* [Goal of the exercise]: Starting with the opening line of the entries below, transcribe each line exactly up to and including the one that has "李白典藏韩信无双马可怪盗基德赵云龙限铠哈迪斯极品号"; pictures are not copied.

* [Records provided]:
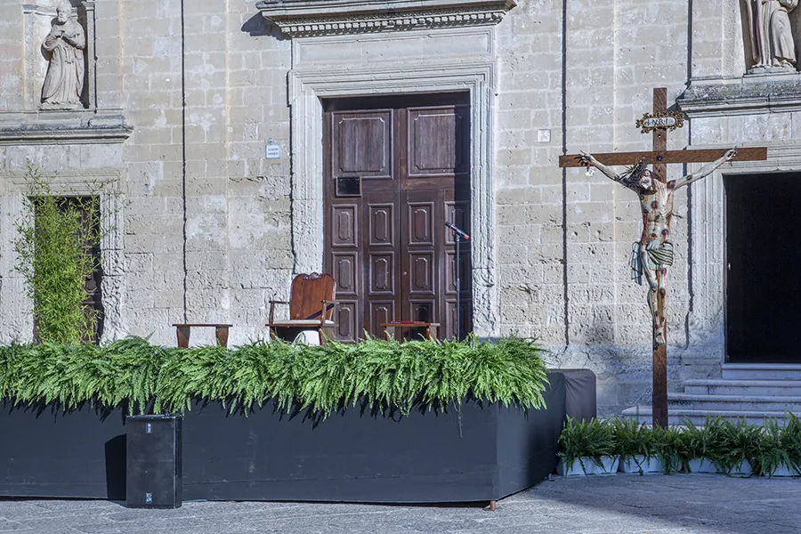 Ha fatto seguito, alle ore 17.30, la Via Lucis Eucaristica, che dalla Chiesa della Madonna de Idris si è diretta in piazza San Pietro Caveoso dove è stato collocato il Crocifisso ligneo del ‘600 restaurato per iniziativa della Cooperativa “Oltre l’Arte”.
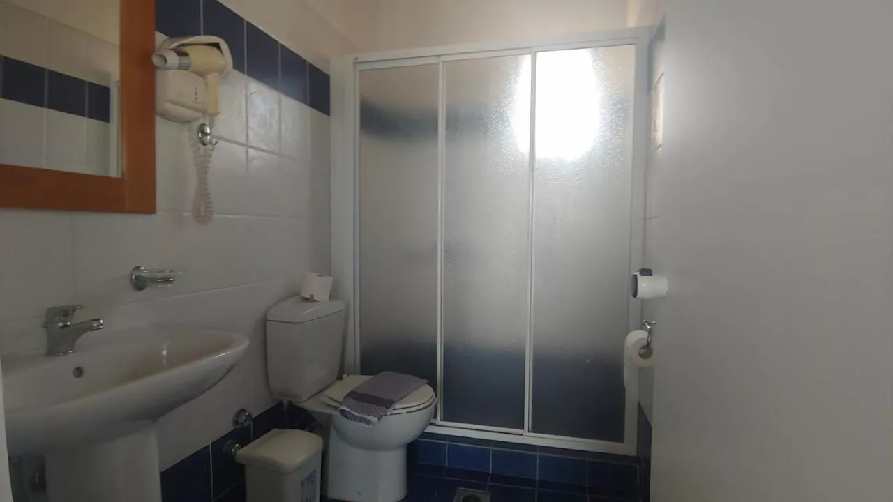 Dimensiuni: 35 mp Numar de camere: 1 camera Located on the 2nd floor, this apartment opens to a balcony with sea view. It has a bedroom with a double bed and a living room with a sofa which converts to two single beds. It also includes a kitchenette, a dining table, and a bathroom with shower cabin. Baie privată cu duș
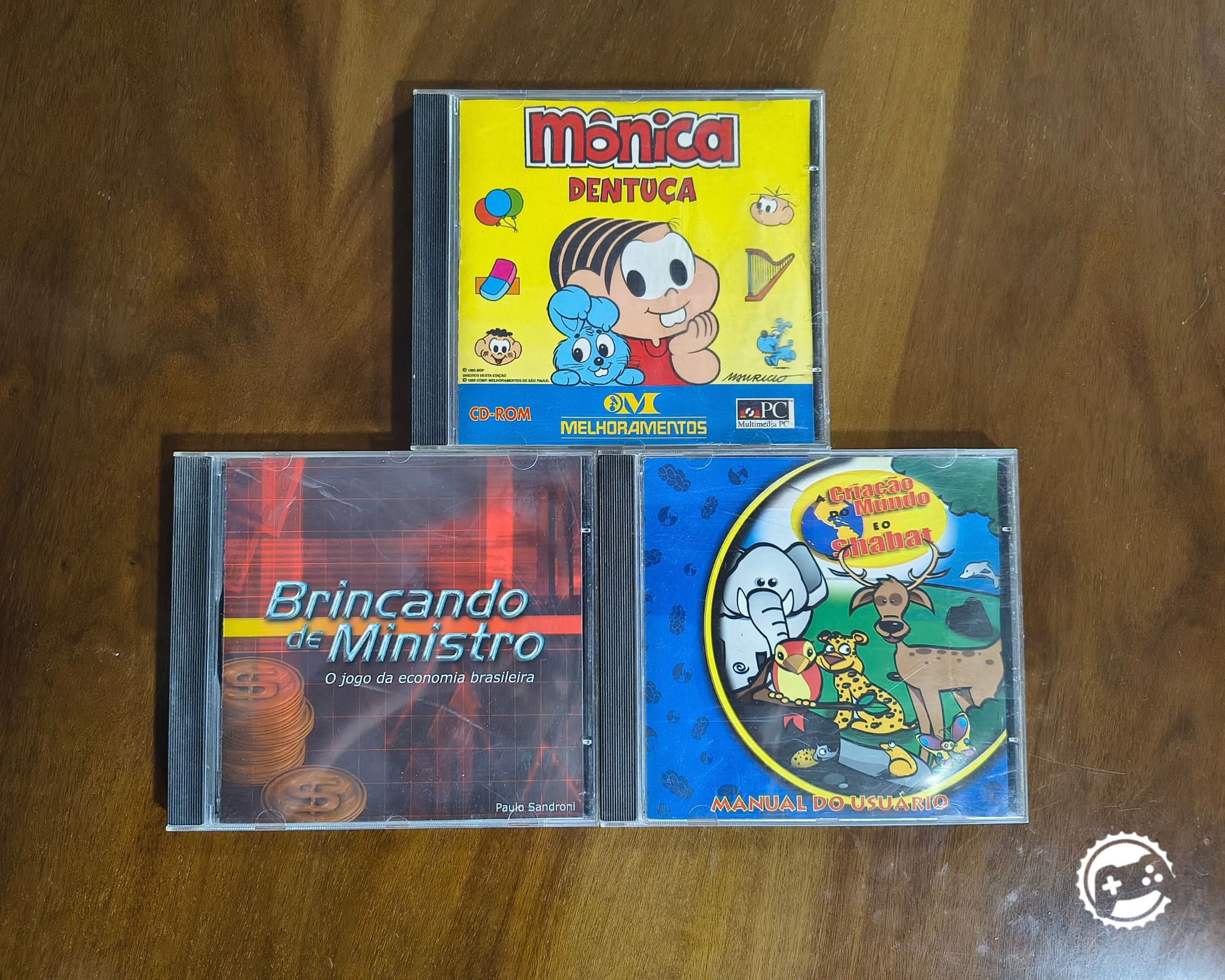 Este é um pequeno lote de jogos brasileiros em CD-ROMs que vão para coleção e provavelmente também para o Internet Archive. São 3 jogos: Mônica Dentuça, Brincando de Ministro e Criação do Mundo e o Shabat.
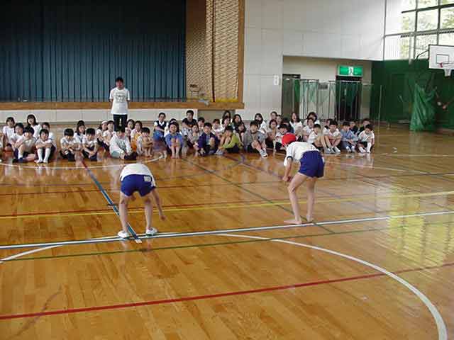 劇団がやってきました。うさぎがトンチを使ってトラやワニをやっつけちゃうお話でした。 |
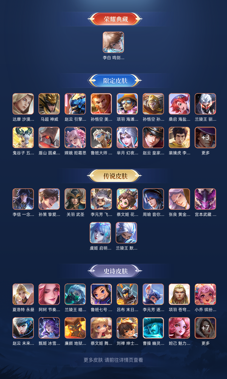 李白典藏韩信无双马可怪盗基德赵云龙限铠哈迪斯极品号
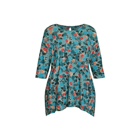 Play with florals with the Floral Hanky Hem Top. Boasting a relaxed fit and round neckline, look effortless in the floral print. Key Features Include: Round neckline, 3/4 sleeves, Hanky hem, Relaxed fit, Soft stretch fabrication, Hip length Add a curve-loving denim skirt.
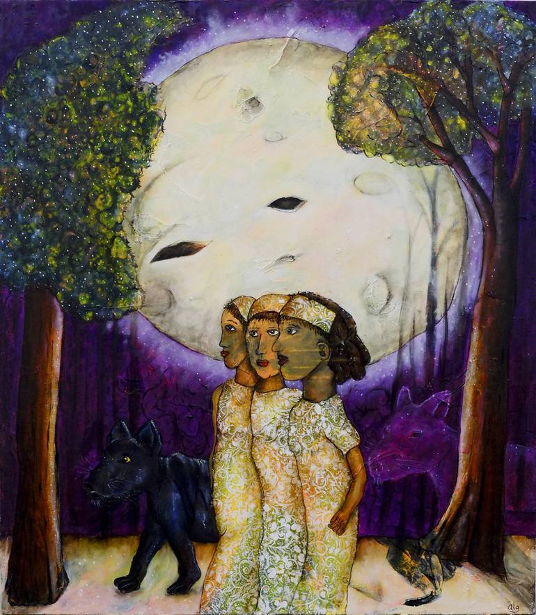 This painting represents a dreamy myth of woman walking through the night just at the edge of your vision.
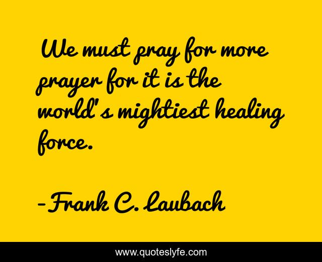 This page presents the quote "We must pray for more prayer for it is the world's mightiest healing force.". Author of this quote is Frank C. Laubach. .
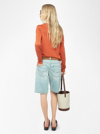 Long-sleeved knit top with wing closure. Description & details - Sweater - V-neck with wing brooch closure - Long sleeves Model is 175 cm / 5' 8" and is wearing a size S This item fits true to size. Choose your usual size. Composition 53% Viscose 47% Cotton** Care This garment should be dry-cleaned only. Product code: KWSW02794_SIENNA
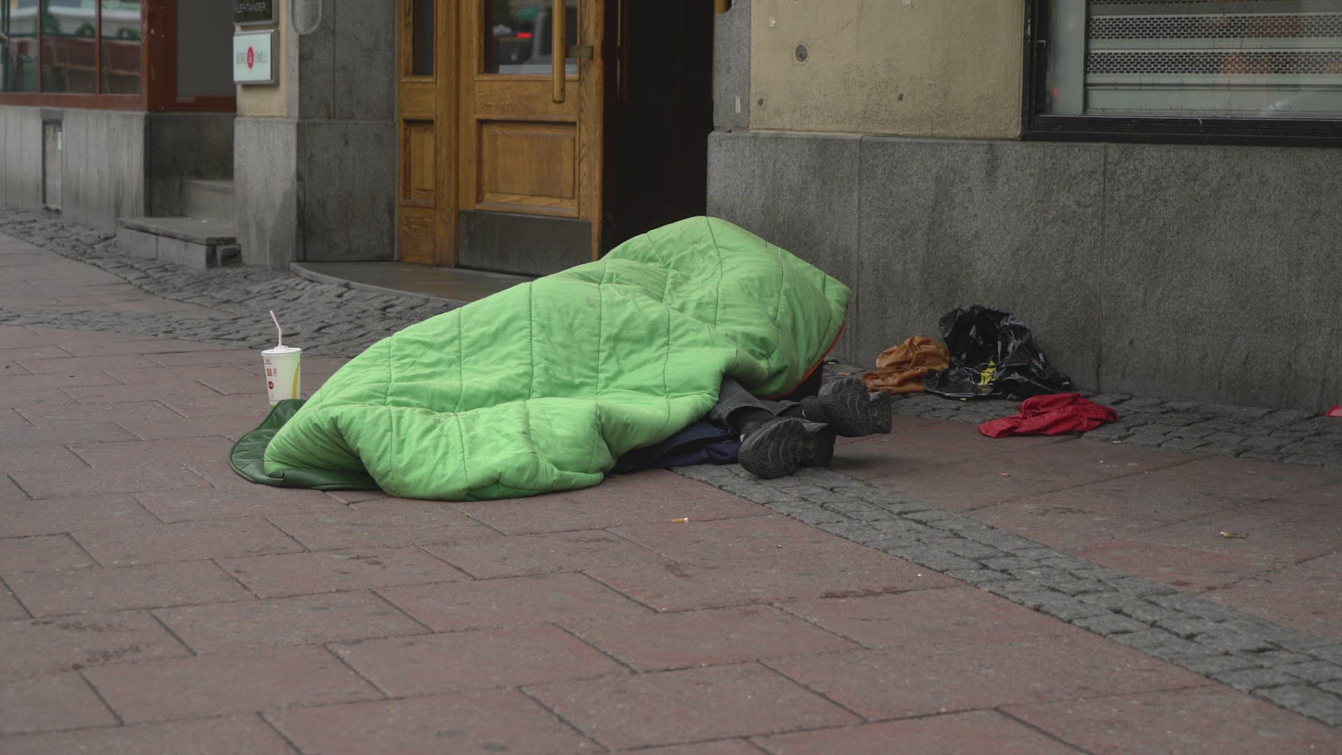 boy with bicycle walking up very steep street in central stockholm - climbing

* [The answer]:
 Ha fatto seguito, alle ore 17.30, la Via Lucis Eucaristica, che dalla Chiesa della Madonna de Idris si è diretta in piazza San Pietro Caveoso dove è stato collocato il Crocifisso ligneo del ‘600 restaurato per iniziativa della Cooperativa “Oltre l’Arte”.
 Dimensiuni: 35 mp Numar de camere: 1 camera Located on the 2nd floor, this apartment opens to a balcony with sea view. It has a bedroom with a double bed and a living room with a sofa which converts to two single beds. It also includes a kitchenette, a dining table, and a bathroom with shower cabin. Baie privată cu duș
 Este é um pequeno lote de jogos brasileiros em CD-ROMs que vão para coleção e provavelmente também para o Internet Archive. São 3 jogos: Mônica Dentuça, Brincando de Ministro e Criação do Mundo e o Shabat.
 劇団がやってきました。うさぎがトンチを使ってトラやワニをやっつけちゃうお話でした。 |
 李白典藏韩信无双马可怪盗基德赵云龙限铠哈迪斯极品号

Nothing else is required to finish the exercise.